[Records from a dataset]
----------

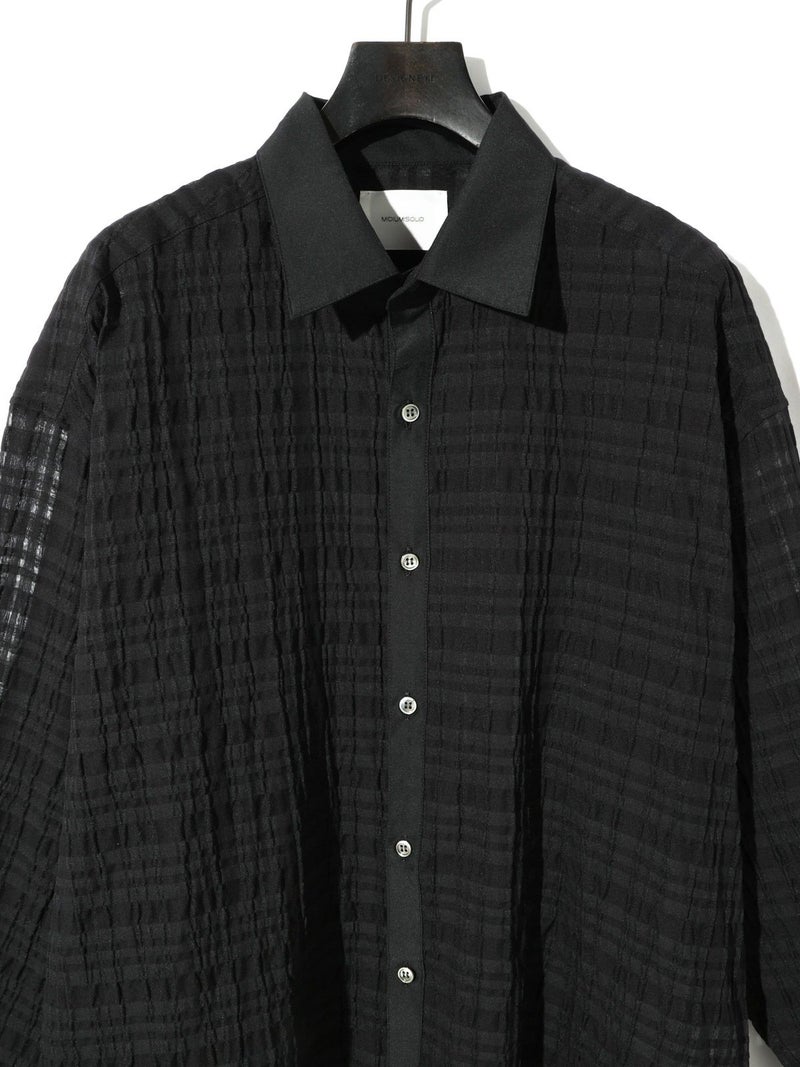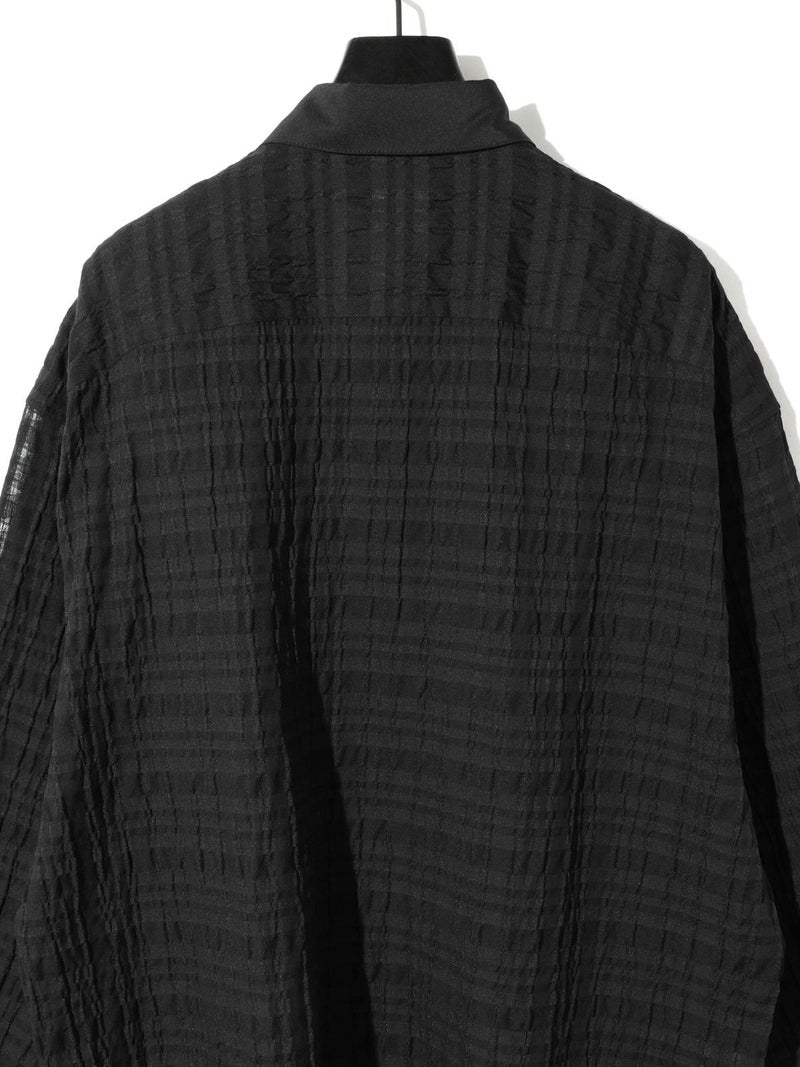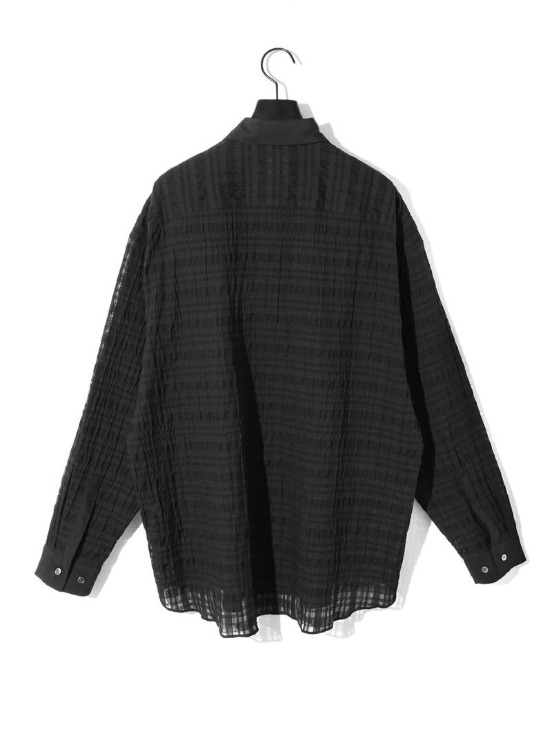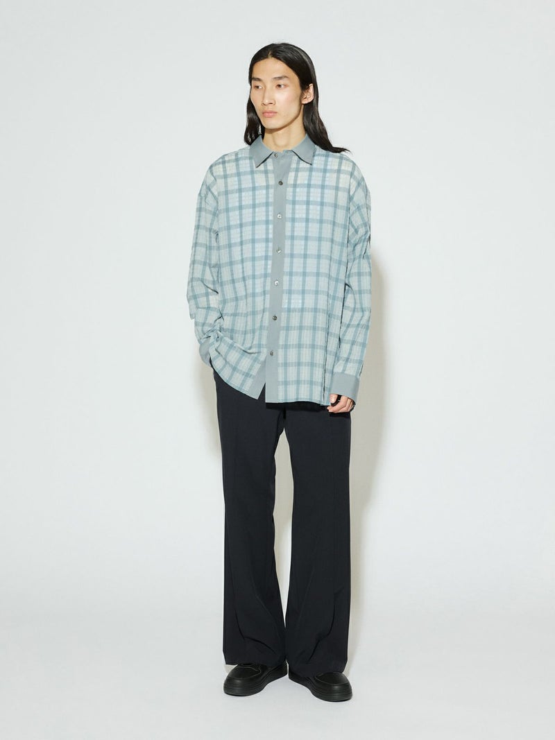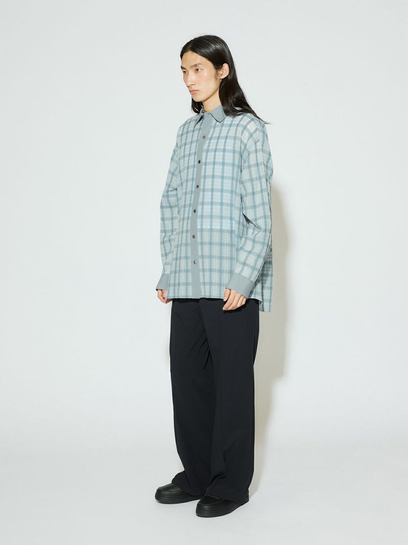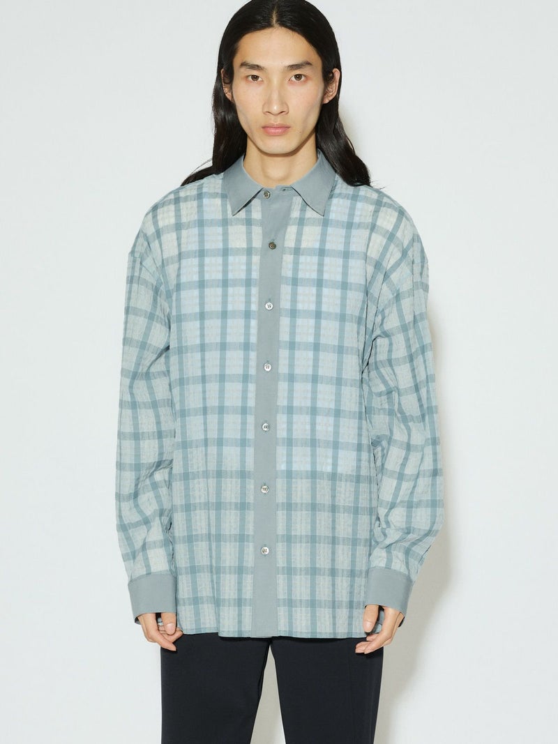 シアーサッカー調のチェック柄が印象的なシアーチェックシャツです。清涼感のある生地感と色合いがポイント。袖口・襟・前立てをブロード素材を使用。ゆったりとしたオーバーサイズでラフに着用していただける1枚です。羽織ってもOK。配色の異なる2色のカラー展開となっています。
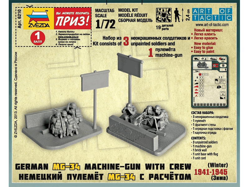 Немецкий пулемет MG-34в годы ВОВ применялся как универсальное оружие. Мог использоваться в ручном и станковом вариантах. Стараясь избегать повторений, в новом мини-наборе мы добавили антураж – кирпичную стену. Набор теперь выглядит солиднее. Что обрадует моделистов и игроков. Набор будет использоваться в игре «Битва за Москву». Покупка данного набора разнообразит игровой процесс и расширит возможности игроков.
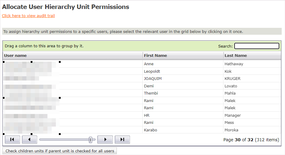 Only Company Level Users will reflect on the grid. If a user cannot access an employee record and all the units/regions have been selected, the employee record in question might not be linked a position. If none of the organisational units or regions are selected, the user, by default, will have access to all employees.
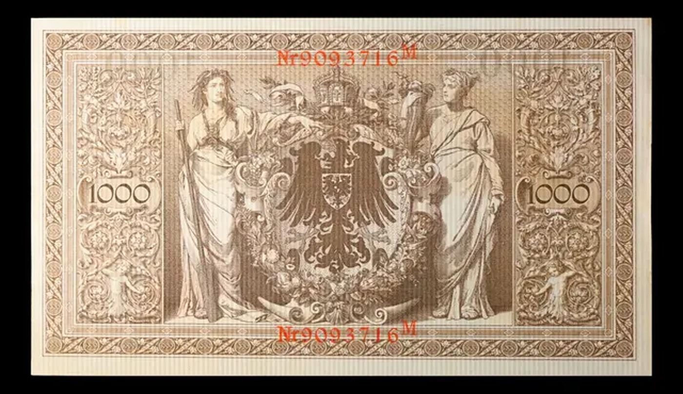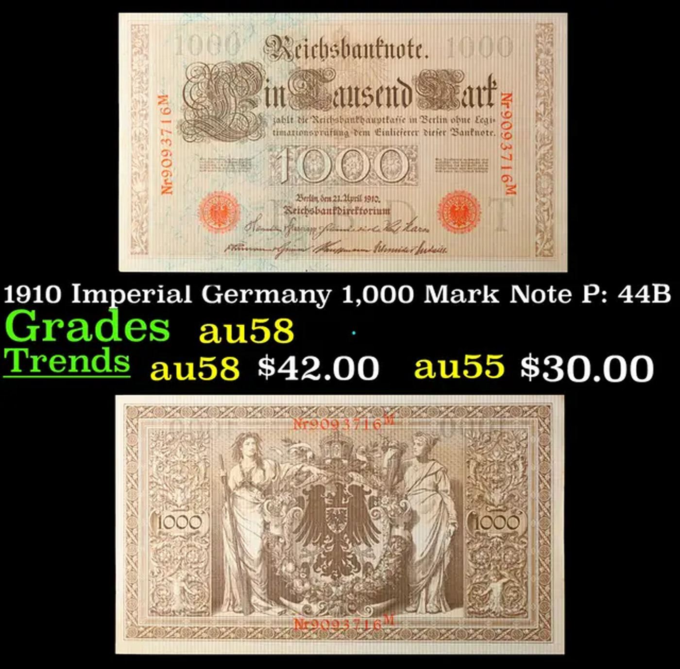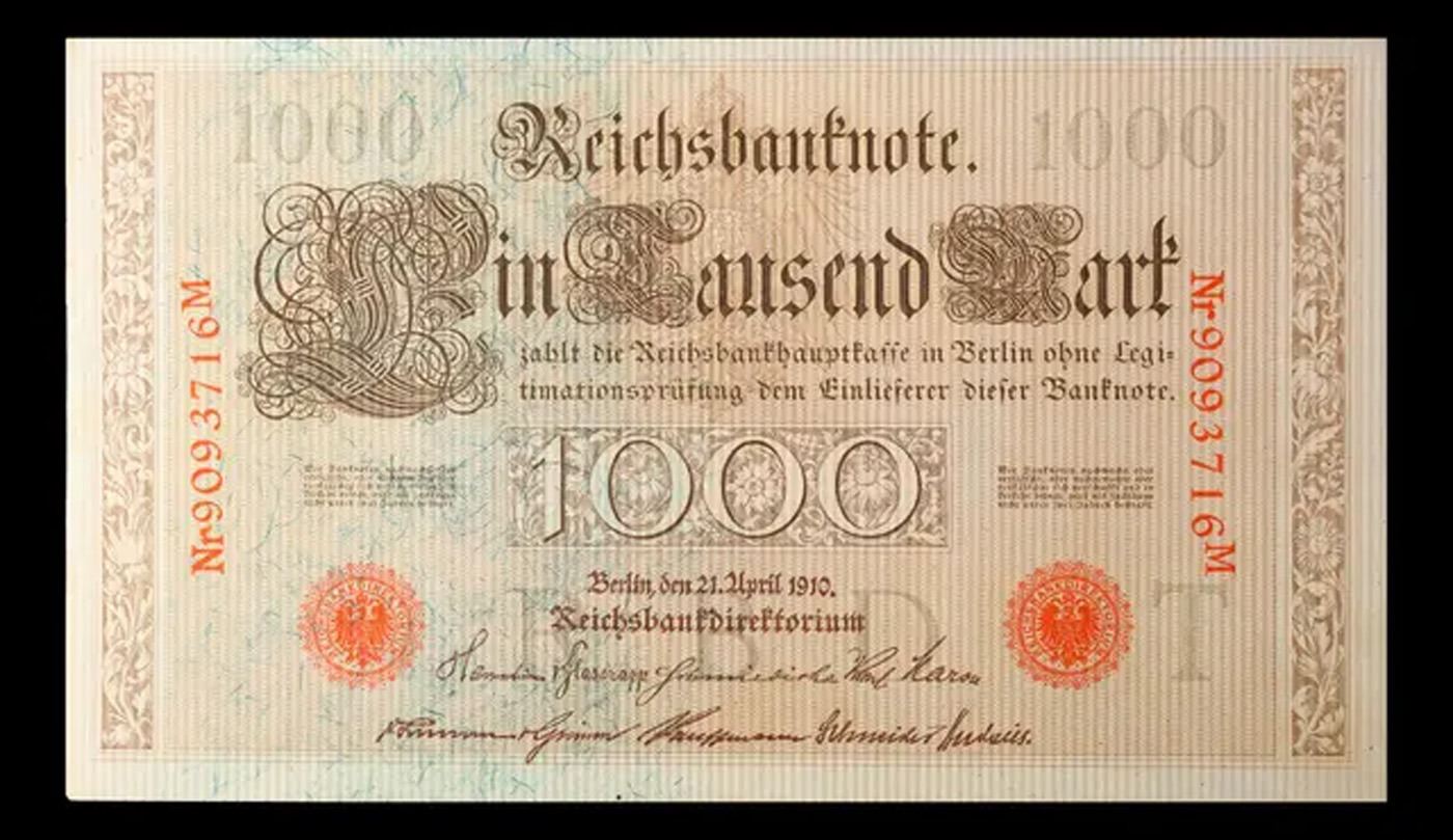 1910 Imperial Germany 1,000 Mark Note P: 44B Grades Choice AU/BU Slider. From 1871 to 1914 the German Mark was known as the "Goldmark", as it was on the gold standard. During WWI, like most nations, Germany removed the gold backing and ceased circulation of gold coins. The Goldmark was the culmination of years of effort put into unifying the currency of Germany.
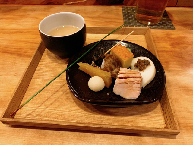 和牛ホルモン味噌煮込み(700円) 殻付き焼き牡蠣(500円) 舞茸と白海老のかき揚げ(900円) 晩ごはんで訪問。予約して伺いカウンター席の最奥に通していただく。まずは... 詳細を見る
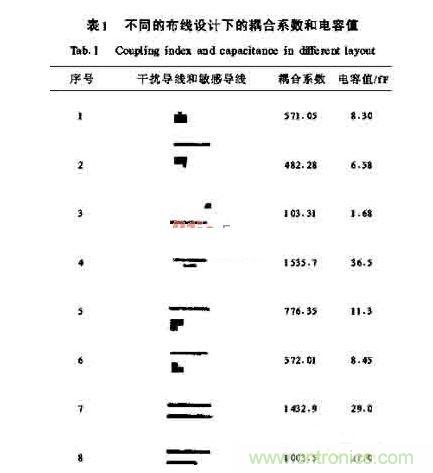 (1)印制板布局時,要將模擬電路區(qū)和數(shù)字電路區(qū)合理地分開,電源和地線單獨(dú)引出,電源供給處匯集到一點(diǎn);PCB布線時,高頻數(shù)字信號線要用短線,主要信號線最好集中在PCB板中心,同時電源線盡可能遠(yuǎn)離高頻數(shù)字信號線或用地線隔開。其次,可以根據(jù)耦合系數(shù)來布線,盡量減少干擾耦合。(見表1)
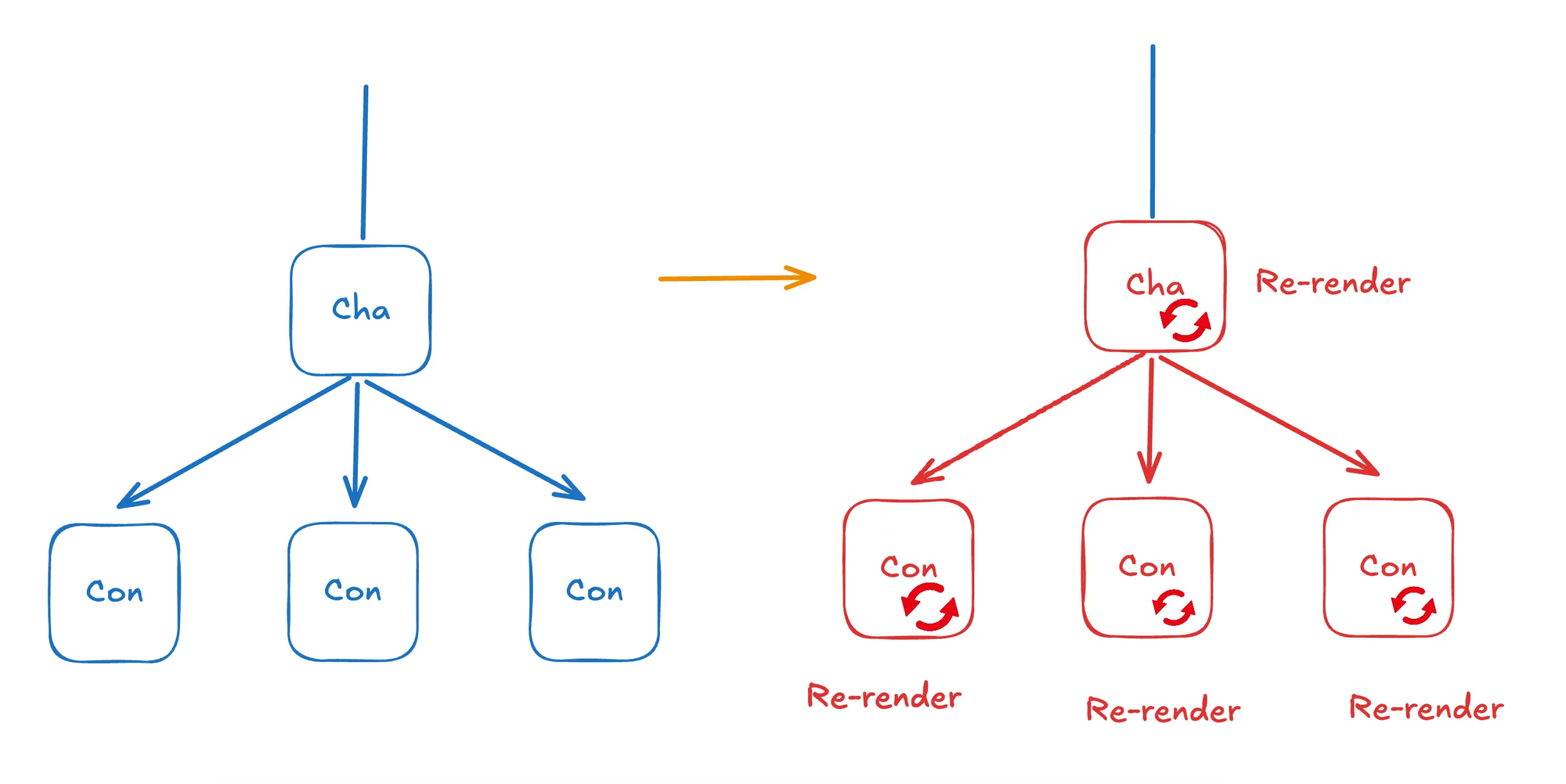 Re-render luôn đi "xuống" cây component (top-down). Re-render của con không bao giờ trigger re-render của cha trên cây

----------

Exercise prompt - Would you please print the entries once more, word for word, minus the pictures?

Result of the task -
 シアーサッカー調のチェック柄が印象的なシアーチェックシャツです。清涼感のある生地感と色合いがポイント。袖口・襟・前立てをブロード素材を使用。ゆったりとしたオーバーサイズでラフに着用していただける1枚です。羽織ってもOK。配色の異なる2色のカラー展開となっています。
 Немецкий пулемет MG-34в годы ВОВ применялся как универсальное оружие. Мог использоваться в ручном и станковом вариантах. Стараясь избегать повторений, в новом мини-наборе мы добавили антураж – кирпичную стену. Набор теперь выглядит солиднее. Что обрадует моделистов и игроков. Набор будет использоваться в игре «Битва за Москву». Покупка данного набора разнообразит игровой процесс и расширит возможности игроков.
 Only Company Level Users will reflect on the grid. If a user cannot access an employee record and all the units/regions have been selected, the employee record in question might not be linked a position. If none of the organisational units or regions are selected, the user, by default, will have access to all employees.
 1910 Imperial Germany 1,000 Mark Note P: 44B Grades Choice AU/BU Slider. From 1871 to 1914 the German Mark was known as the "Goldmark", as it was on the gold standard. During WWI, like most nations, Germany removed the gold backing and ceased circulation of gold coins. The Goldmark was the culmination of years of effort put into unifying the currency of Germany.
 和牛ホルモン味噌煮込み(700円) 殻付き焼き牡蠣(500円) 舞茸と白海老のかき揚げ(900円) 晩ごはんで訪問。予約して伺いカウンター席の最奥に通していただく。まずは... 詳細を見る
 (1)印制板布局時,要將模擬電路區(qū)和數(shù)字電路區(qū)合理地分開,電源和地線單獨(dú)引出,電源供給處匯集到一點(diǎn);PCB布線時,高頻數(shù)字信號線要用短線,主要信號線最好集中在PCB板中心,同時電源線盡可能遠(yuǎn)離高頻數(shù)字信號線或用地線隔開。其次,可以根據(jù)耦合系數(shù)來布線,盡量減少干擾耦合。(見表1)
 Re-render luôn đi "xuống" cây component (top-down). Re-render của con không bao giờ trigger re-render của cha trên cây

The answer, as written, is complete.